= Exercise materials =

┌──

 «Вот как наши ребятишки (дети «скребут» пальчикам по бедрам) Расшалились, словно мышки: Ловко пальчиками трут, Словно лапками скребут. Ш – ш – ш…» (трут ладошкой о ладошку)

└──
┌──

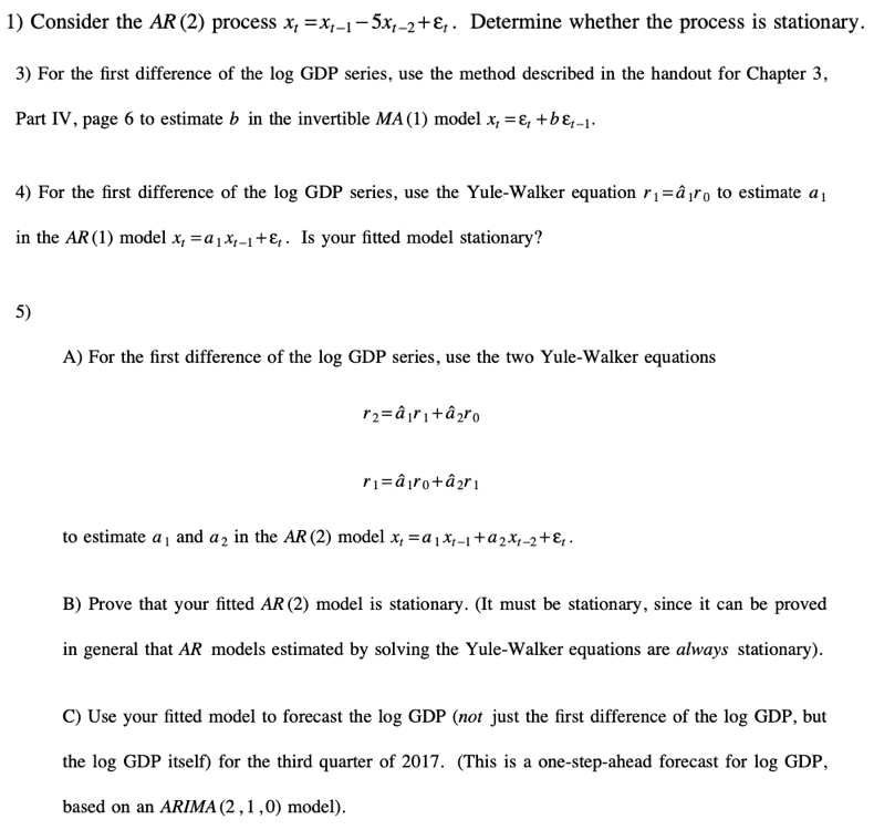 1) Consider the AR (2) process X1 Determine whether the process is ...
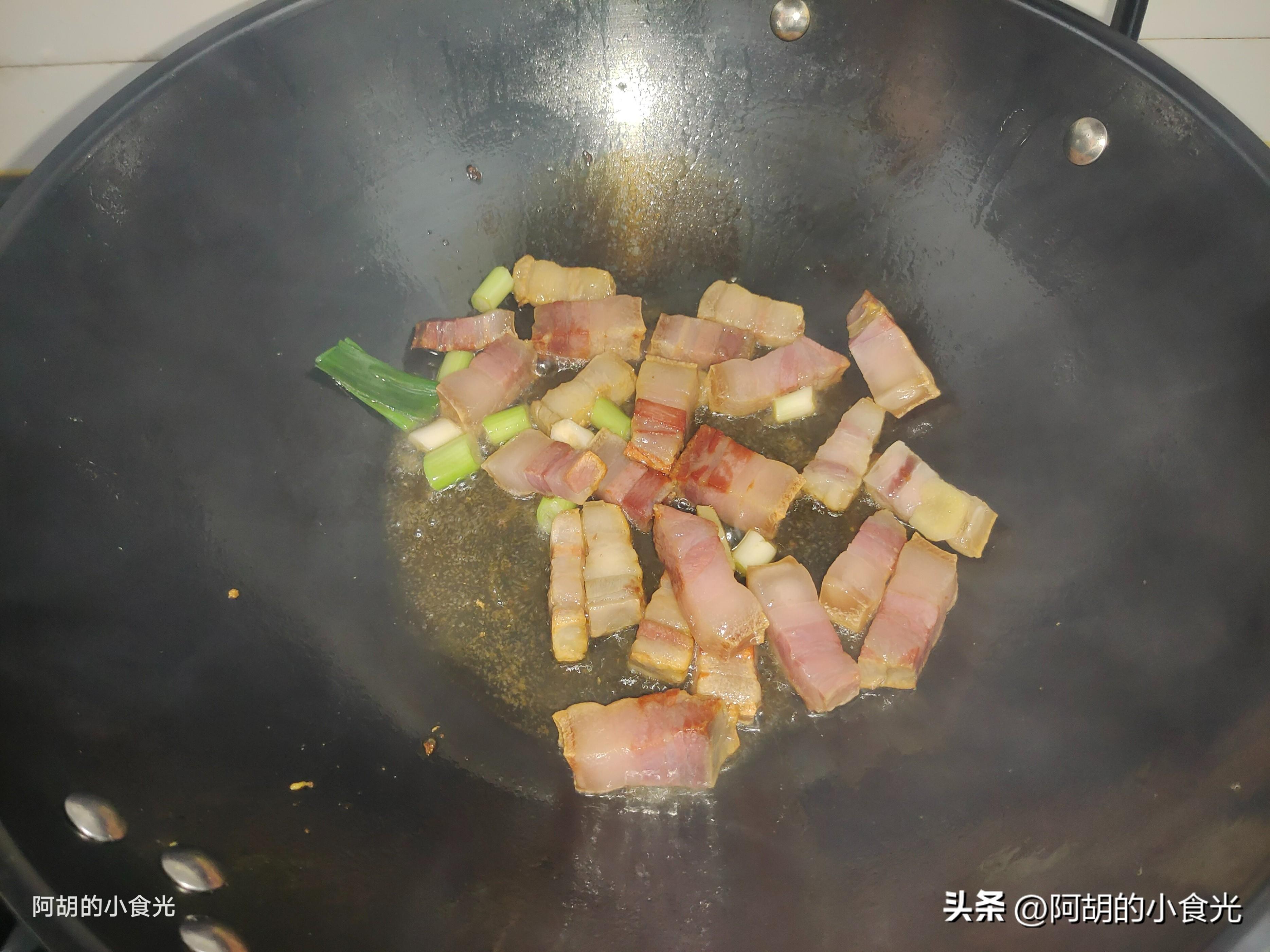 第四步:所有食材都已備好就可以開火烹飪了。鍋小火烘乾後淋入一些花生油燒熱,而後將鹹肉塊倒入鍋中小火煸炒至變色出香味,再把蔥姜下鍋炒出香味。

└──

= Required work =
Using the data above, copy exactly the lines from the one containing "1) Consider the" to the one containing "第四步:所有食材都已備好就可", inclusive. Exclude the pictures.

= Exercise result =
 1) Consider the AR (2) process X1 Determine whether the process is ...
 第四步:所有食材都已備好就可以開火烹飪了。鍋小火烘乾後淋入一些花生油燒熱,而後將鹹肉塊倒入鍋中小火煸炒至變色出香味,再把蔥姜下鍋炒出香味。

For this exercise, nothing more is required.